Just before the interval we’re treated to a classic 1950s Hollywood ballet - it’s all just a bad dream and it’s just as well because it’s all a bit strange. For some reason the leading characters are danced by people who don’t look a bit like them... except for Rod Steiger. It’s well executed but it seems to belong in a different film - it’s quite a relief to wake up in good old folksy Oklahoma again!

ELEPHANTINE CORN

Finding "corn as high as an elephant's eye" proved to be quite a challenge. Since filming was to take place out of season, no tall cornfields were to be found anywhere. The job was given to the people of the University of Arizona Agricultural Department, who planted each stalk in individual containers and held their breath. With rain and good luck, the corn grew to a height of 16 feet, causing Oscar Hammerstein to quip: "The corn is now as high as the eye of an elephant on top of another elephant."

Saturday, 20 November 2010

Citizen Kane



1941 - Dir: Orson Welles
Shown at the FeckenOdeon on 27th November, 2010



What can one write that hasn’t already been written a thousand times about Citizen Kane? "The greatest film ever made"... a debatable assertion but who can deny that this is a remarkable piece of work. Roger Ebert, distinguished critic of the Chicago Sun Times has analysed the film more than 30 times over the years and still can’t help being drawn back. Perhaps it’s best to let him introduce it:
"The origins of "Citizen Kane'' are well known. Orson Welles, the boy wonder of radio and stage, was given freedom by RKO Radio Pictures to make any picture he wished. Herman Mankiewicz, an experienced screenwriter, collaborated with him on a screenplay originally called ``The American.'' Its inspiration was the life of William Randolph Hearst, who had put together an empire of newspapers, radio stations, magazines and news services, and then built to himself the flamboyant monument of San Simeon, a castle furnished by rummaging the remains of nations. Hearst was Ted Turner, Rupert Murdoch and Bill Gates rolled up into an enigma. "Citizen Kane'' covers the rise of the penny press (here Joseph Pulitzer is the model), the Hearst-supported Spanish-American War, the birth of radio, the power of political machines, the rise of fascism, the growth of celebrity journalism...."

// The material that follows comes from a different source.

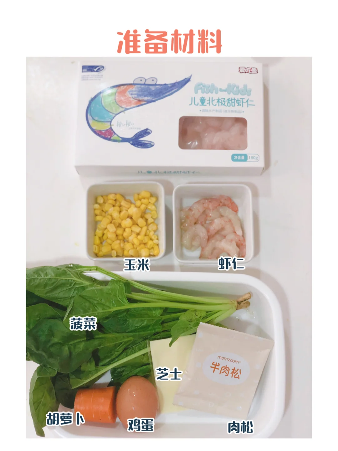 🎀准备材料:虾仁、鸡蛋、菠菜、胡萝卜、肉松,芝士片,米饭是用的黑米、紫米、胚芽米一起煮的(搭配比例:7:2:1)
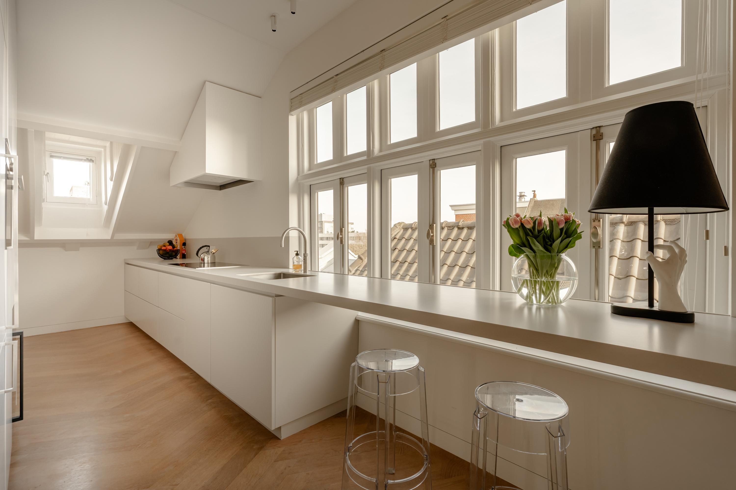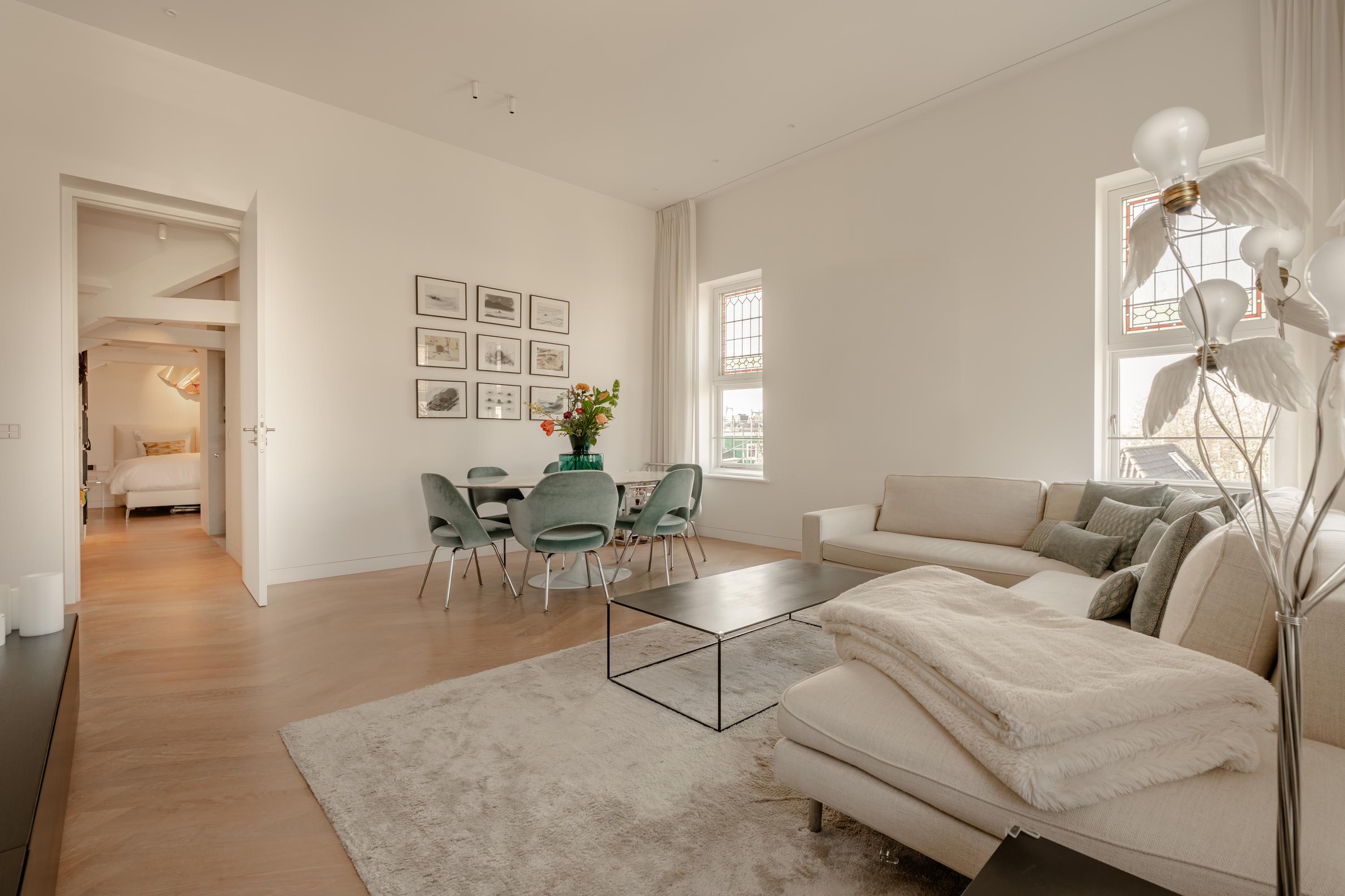Located in the highly sought-after Vondelpark neighbourhood, this luxurious penthouse of approximately 115 m² is situated in a characteristic listed (monumental) building with elevator. The apartment combines authentic details with modern living comfort and is distinguished by its high-quality finishes and bespoke cabinetry throughout. Large windows provide an abundance of natural light and offer beautiful views over the city. In addition, the property is situated on freehold land, making it even more attractive.

  • William Randolph Hearst was infuriated by this movie, obviously based on his life. "Rosebud" was Hearst's pet name for a certain part of the anatomy of his long-time mistress Marion Davies.
  • The film flopped when it first opened - this may have had something to do with the panning Hearst’s papers and radio stations gave it. Hearst also ordered his advertising departments not to accept ads for theatres showing the film.
  • Ted Turner had plans to "colorize the film. Welles hear about it and roared ""Tell Ted Turner to keep his crayons away from my movie!". The film has never been tampered with.